### Provided records
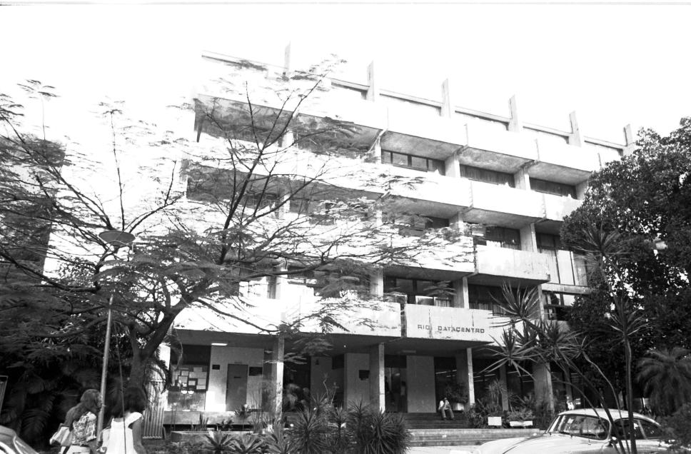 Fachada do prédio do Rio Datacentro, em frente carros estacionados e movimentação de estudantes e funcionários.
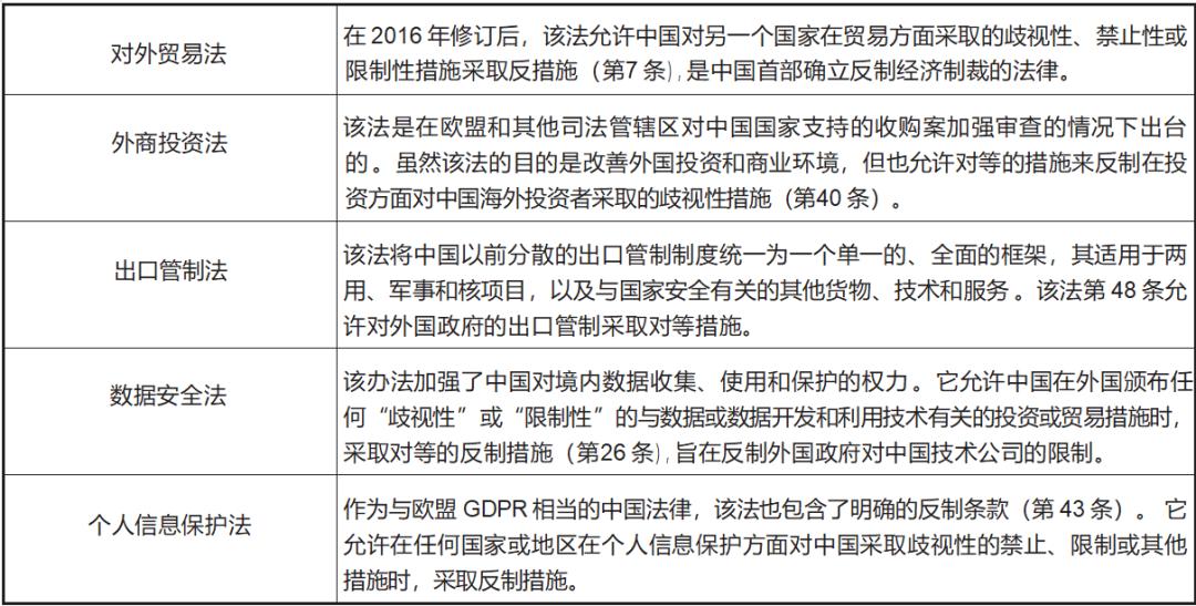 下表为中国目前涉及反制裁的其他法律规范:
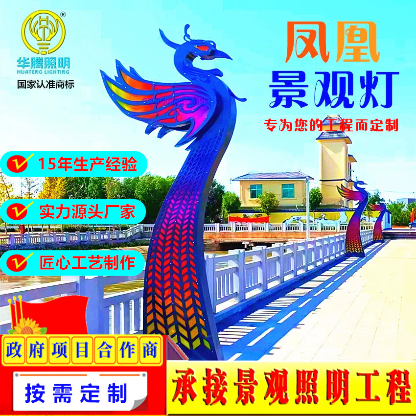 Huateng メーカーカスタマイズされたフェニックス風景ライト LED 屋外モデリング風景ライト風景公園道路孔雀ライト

==

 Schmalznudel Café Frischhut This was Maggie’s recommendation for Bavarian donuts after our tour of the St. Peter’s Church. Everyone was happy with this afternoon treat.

### Problem to solve
Only one stretch of the listing is wanted: the lines starting at the one with "Fachada do prédio" and ending at the one with "Huateng メーカーカスタマイズされたフェニックス風景ライト LED", copied exactly and free of pictures.

### Result
 Fachada do prédio do Rio Datacentro, em frente carros estacionados e movimentação de estudantes e funcionários.
 下表为中国目前涉及反制裁的其他法律规范:
 Huateng メーカーカスタマイズされたフェニックス風景ライト LED 屋外モデリング風景ライト風景公園道路孔雀ライト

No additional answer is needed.